I realize in reading Pink's book, that the reason I blog so much (I only infrequently blog on "A Million Chimpanzees," while I blog incessantly elsewhere). I write in order to tell a story, the story of whatever is happening to me at the moment.
But why do I tell these stories? To entertain others? To elicit knowledgeable responses from experienced readers about some puzzle or conundrum I've encountered?
Yes and yes, sometimes. But more often than not, I write in order to process my lived experience, so that I can externalize, by writing my own words and then reading them, what has only existed internally up until I blog about it.
I suppose I could tell my story, that is, I could speak it. But as articulate as my spouse says I am, stories make more sense to me when I write them and read them. Information, all by itself, doesn't have all that much meaning until placed within the context of the story.
Then the light bulb clicks "on" above my head.
On page 105, Pink quotes Ursula K. LeGuin:
"The story--from Rumpelstiltskin to War and Peace--is one of the basic tools invented by the human mind for the purpose of understanding. There have been great societies that did not use the wheel, but there have been no societies that did not tell stories."In deconstructing clunky User Manuals and API Guides, I'm faced with the challenge of convincing a group of highly technical Left-Brain-dominated workers and managers that the best way to convey what our customers need to know about our product is to tell them a story.

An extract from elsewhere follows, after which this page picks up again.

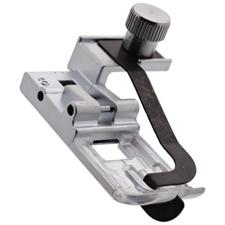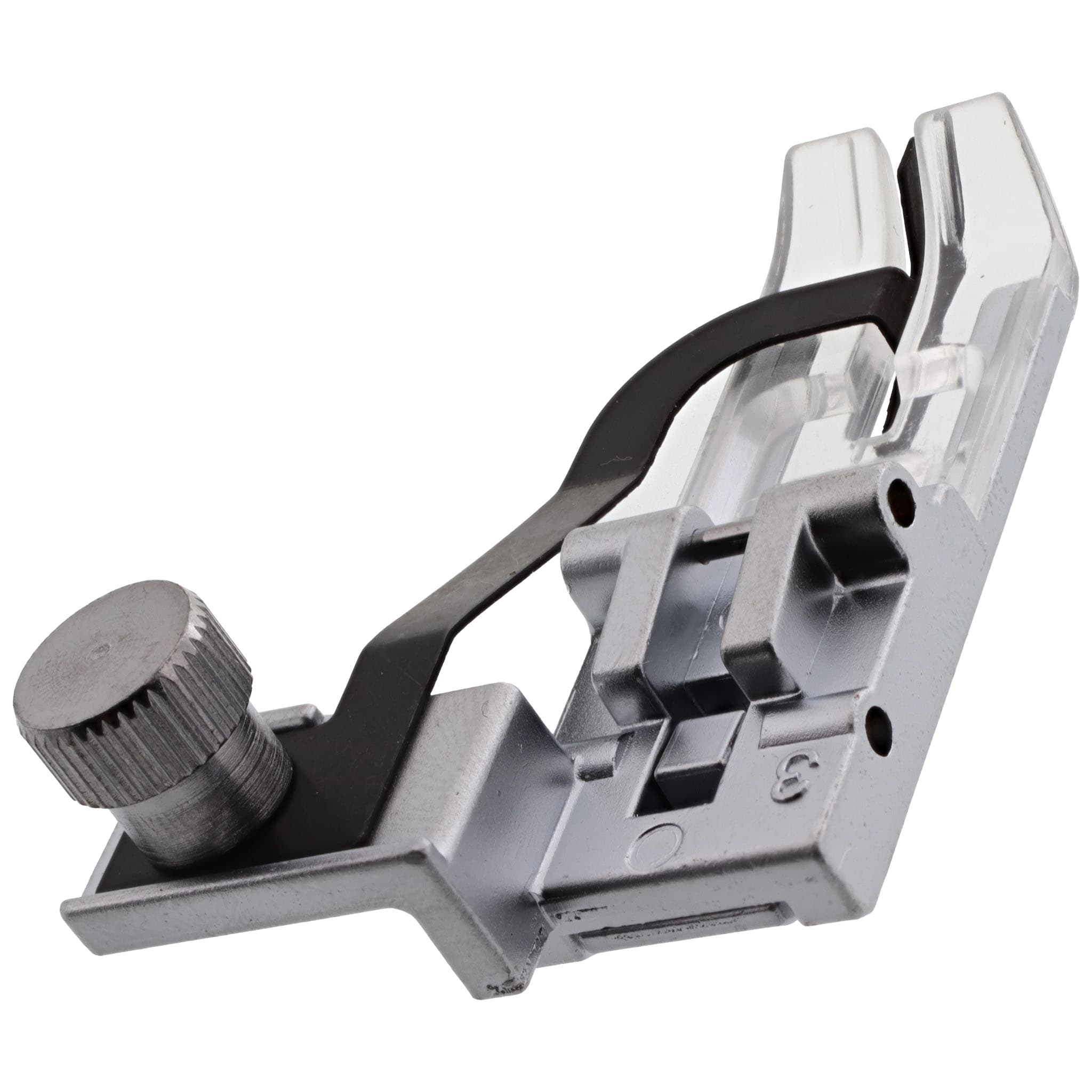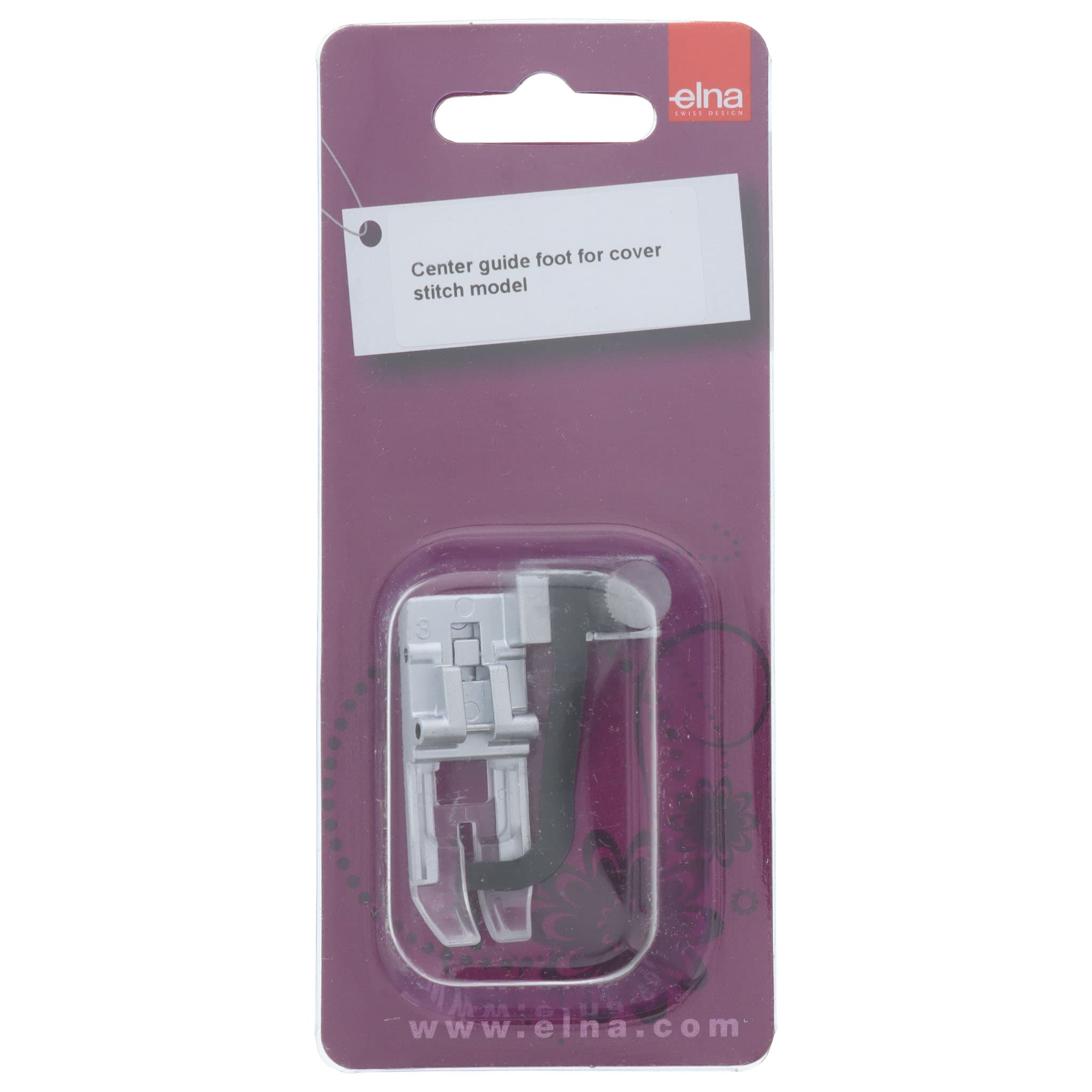 The Center Guide foot is mainly used to line up the center of a two- or three-needle stitch with a previously sewn seam. This guide is practical, mainly in sportswear. It simply gives you a finished decorative stitch.
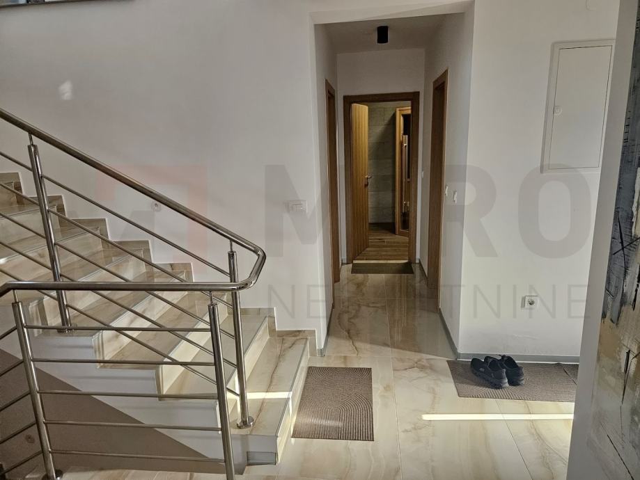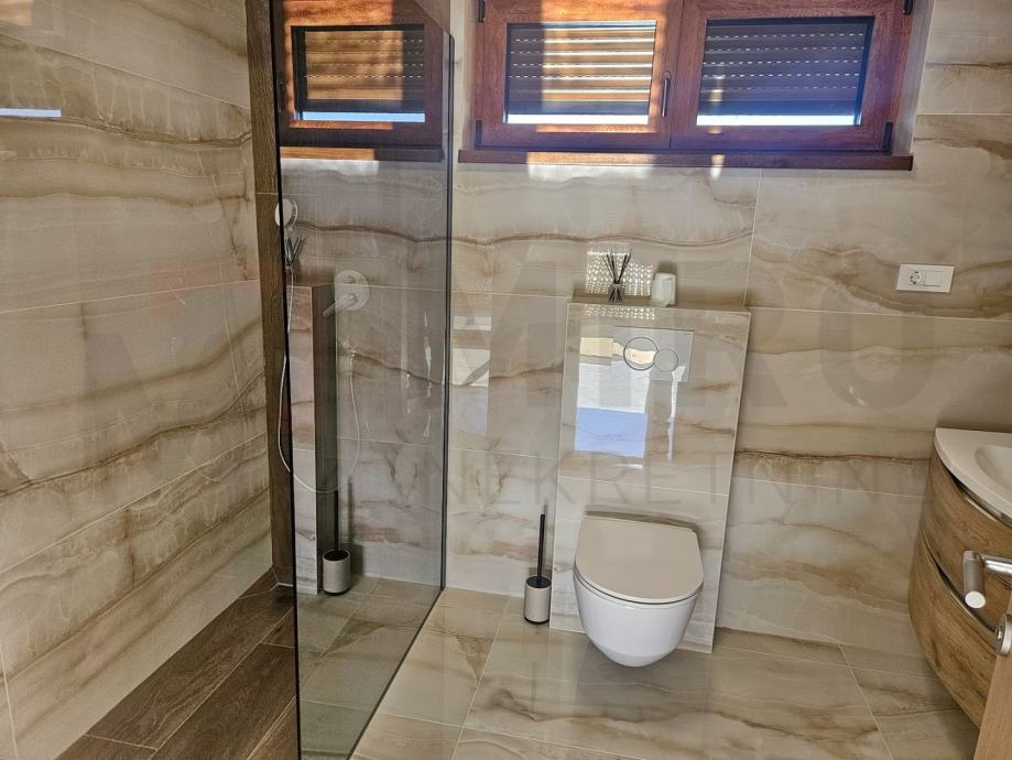 Otok Krk, Malinska, nova moderna kuća s okućnicom i bazenom koja pruža komfor. Kuća se prostire na 290 m2 i okružena je okućnicom od 560 m2 na kojoj se nalazi sunčalište sa bazenom i parking. U suterenu se nalazi garaža, spremište, vešeraj i konoba. U prizemlju od 105 m2 nalazi se kuhinja, blagavaona i dnevni boravak, spavaća soba s kupaonicom, predsoblje, sauna, kupaonica i terasa. Na katu su smještene 3 spavaće sobe i tri kupaonice, garederoba, predsoblje i terasa s koje se pruža prekrasan pogled na more. Nekretninu karakterizira odličan raspored prostorija, vrhunska oprema, visokokvalitetna keramika i podne obloge, PVC i ALU stolarija, podno rijanje na dizlicu topline. Nekretnina je u vlasništvu fizičke osobe i kupac je u obvezi plaćanja poreza na promet nekretnina u visini od 3 %. Vlasnik kuće jamči urednu vlasničku dokumentaciiju. Posjetite nas i pronađite kvadrat vašeg doma!

In fact, Pink suggests that there really is only one relevant story that is told describing the journey of the Left-Directed (L-Directed) knowledge worker through the sometimes painful transitory process of becoming a Right-Brain-Directed (R-Directed) conceptual storyteller, the story of a hero.
I'll spare you another "blockquoted" paragraph of text. You can find an example of the hero's story in Joseph Campbell's 1949 book The Hero with a Thousand Faces.
In brief however, the hero story has three parts:
- Beloved hero is confronted by visitors who convince him/her that he/she is worthless/useless and must abandon his/her country.
- Hero reluctantly goes into exile, but with the help of kind mentors in a far-away land, becomes transformed into the hero his/her land both wants and needs.
- Hero returns as "the master of two worlds" and improves both of them.
But now I have returned from my journey possessing some minor sense of transformation, and I've been looking for an opportunity for expression.
Today may be that opportunity (OK, just one more quote).
And Xerox--recognizing that its repair personnel learned to fix machines by trading stories rather than by reading manuals--has collected its stories into a database called Eureka that "Fortune" estimates is worth $100 million to the company.
-Pink, p.108So in the future, when a customer visits our support website, keyboards a query in the Search field, and then presses Enter, the initial response should always begin (metaphorically), "Let me tell you a story..."
I hope to tell a good story this afternoon.